Monday, March 24, 2014

Relation of Floorball to other sports


Hi again.

This time my post is focusing for the "hot" topic about the so-called relation of floorball to ice hockey. This has been quite an issue in the social media, when mostly Americans have done some advertising for the game in very strong hockey atmosphere.

Below you can see some tweets about the topic:




My personal replies to the matter have caused a need for further investigation about this issue. So here it is.

Statement 1: Floorball is not Ice Hockey without ice

Actually. It's not even near. Now calm down, I understand that for people just getting familiar with the game, it surely seems like that. I mean; sticks, 5 players per side, two goals, goalies with masks and the rink. Basically the same?

Well. Nope.

The differences are so large that even this blog is too limited for thorough investigation.

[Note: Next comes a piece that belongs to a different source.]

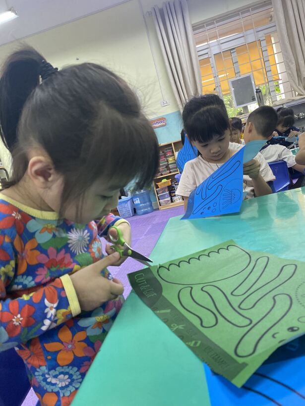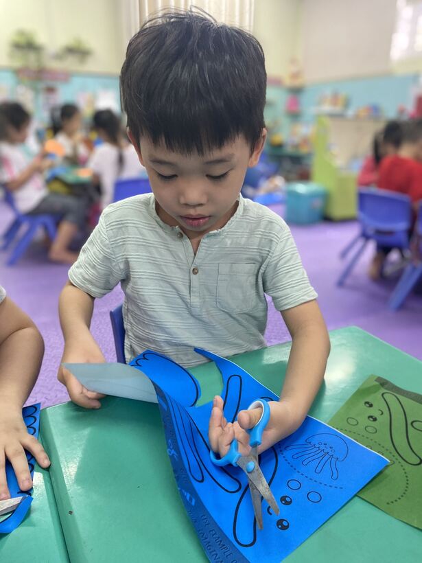 Sau đây là những hình ảnh của các bé lớp A3-A4 tập cắt theo hình : chú bạch tuộc đáng yêu :

But I'll consider on some small points that in my perspective are the most important differences between the game.

First of all, the physical game. Although floorball is rather physical game (checking is against the rules - in theory) it is much more clean in this matter than hockey. We have most of our brawls in the corners and in the situations where one player is trying to get the ball from other in open space.

The most uniting scenario in majority of these situations is that usually there's a little no no speed at all. The players don't run and bumb to each other, they mostly "wrestle" stationary while trying to get the ball. There are some situations similar to hockey tackles, but they happen in situations where the ball is not on the possession of either of the players.

Second, the offsides. As many already know, floorball field has only one "line" and that's the one in the middle. So there are no offsides, and this allows the game to be played constantly throughout the field. When you see still pictures from professional game, the player that is furthest from the ball, can be as far as near the goalie. All this without being outpositioned, but rather playing the tactical scheme of his/hers team.

Third one is the specification of playing positions. Well ok, this is quite a long shot. But anyhow, in my perspective, the floorball player is not as much limited to ones position as for example in ice hockey. When hockey player is a winger, he is a winger. Same goes with the defenders. Though we have players like Erik Karlsson in hockey, the main idea is still focused on the respective position of the player.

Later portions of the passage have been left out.